Linear mixed-effects models

In this workshop we will use the nlme package in R to fit linear mixed-effects models to data. See the "fit models" submenu of the Rtips page for help. You might also need to refer to the "display" page to help visualize your results.

Linear mixed-effects models are used when you have random effects, which occurs when your subjects or units are grouped. The groups are assumed to be randomly sampled from a "population" of groups. Example situations include

when you divide up plots and apply separate treatments to the parts
when your sampling design is nested (quadrats within transects; transects within woodlots; woodlots within districts)
when you have measurements on related individuals
when you measure subjects or units repeatedly

Linear models for mixed effects are implemented in the R command lme in the nlme library, which is included in your basic R installation.

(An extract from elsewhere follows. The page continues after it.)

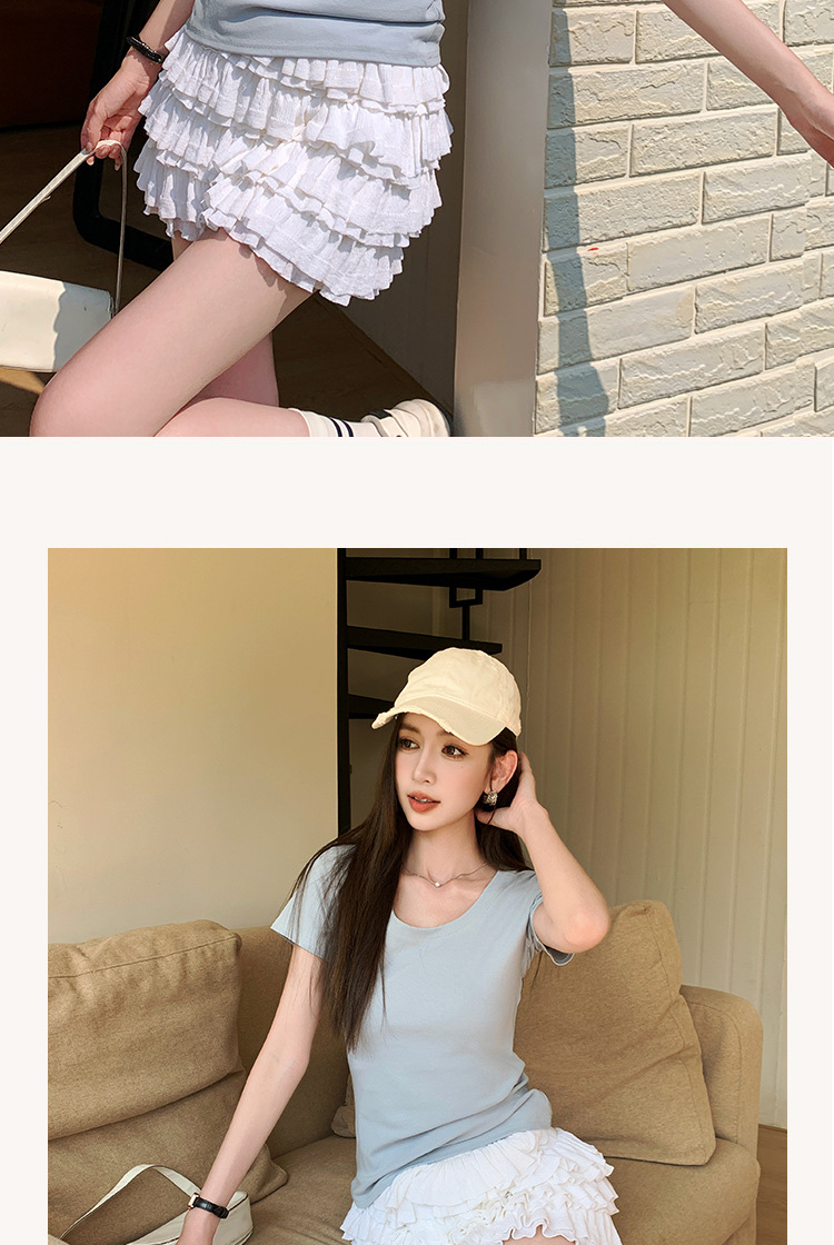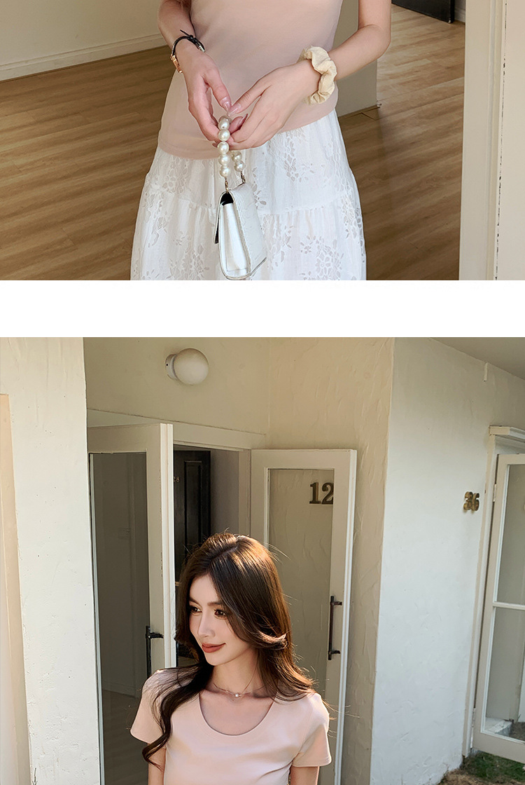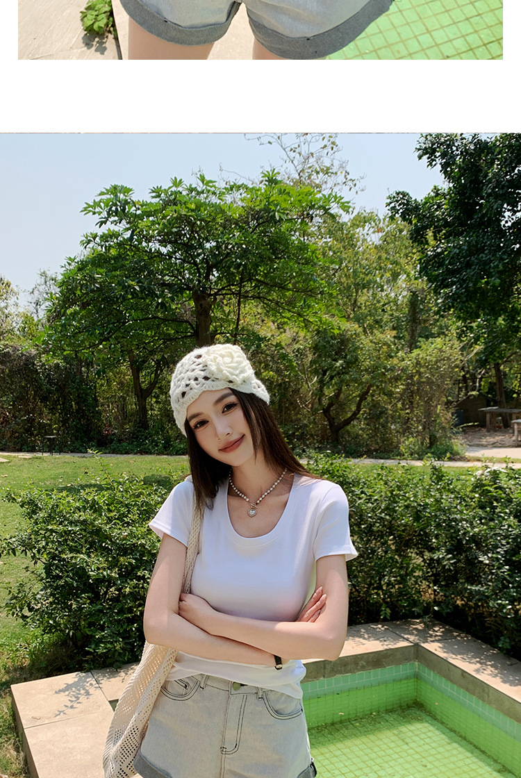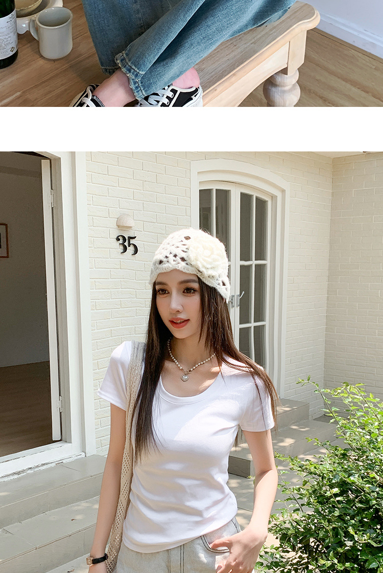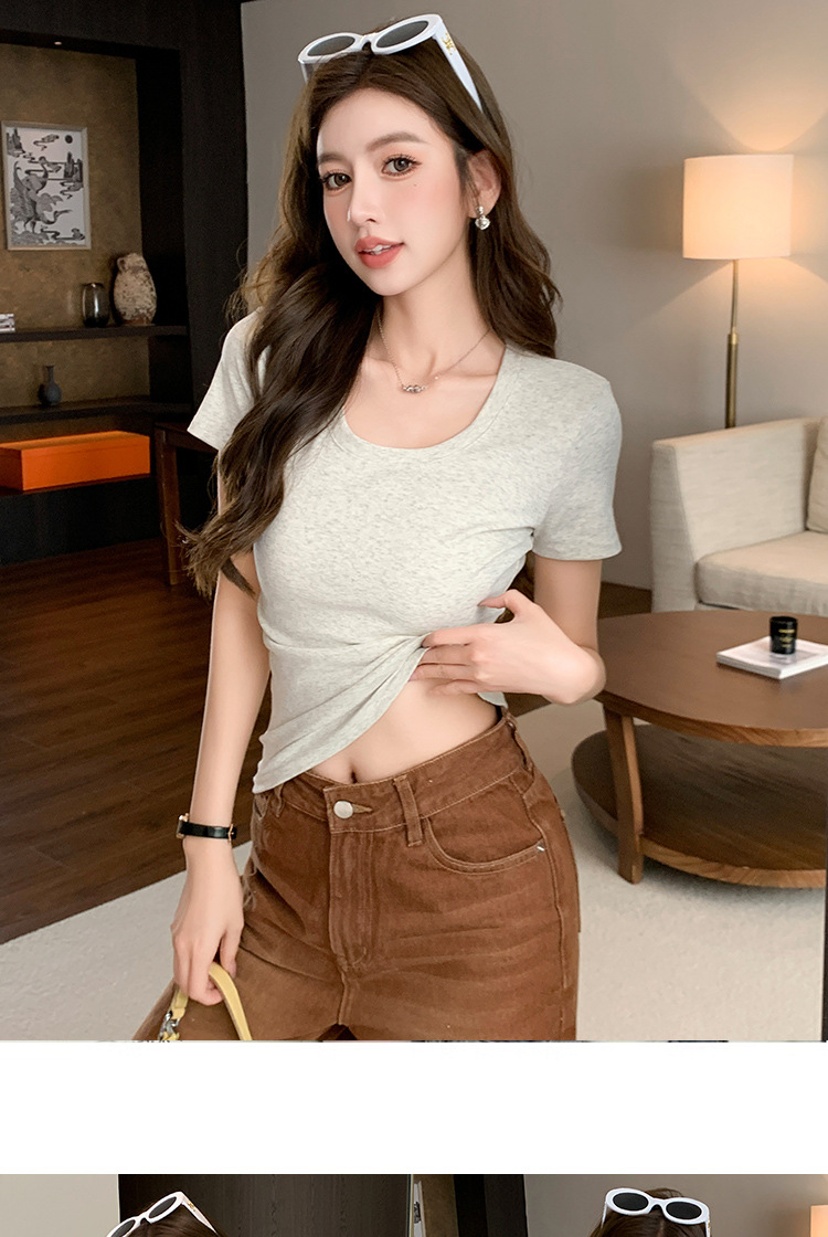 H673 엄선 순면 U-목 반팔 여성용 여름 얇은 슬림-적합 슬리밍 조커 탑 티셔츠 숄더베이스 셔츠스토어 가기

To begin using methods for fitting linear mixed-effects models, load the nlme library:

library(nlme)

Repeatability of a sexual signal trait

This first data set was extracted from a paper by Griffith and Sheldon (2001, Animal Behaviour 61: 987–993), who measured the white forehead patch of 30 male collared flycatchers in two years on the Swedish island of Gotland. The patch is important in mate attraction. Our goal here will be to estimate the repeatability of patch length (mm).
The data are here.

Read and examine the data

Read the data from the file.
View the first few lines of data to make sure it was read correctly.
Create a plot showing the pair of measurements for each individual flycatcher. Use a plot that shows you the difference between repeat measurements made on the same individual.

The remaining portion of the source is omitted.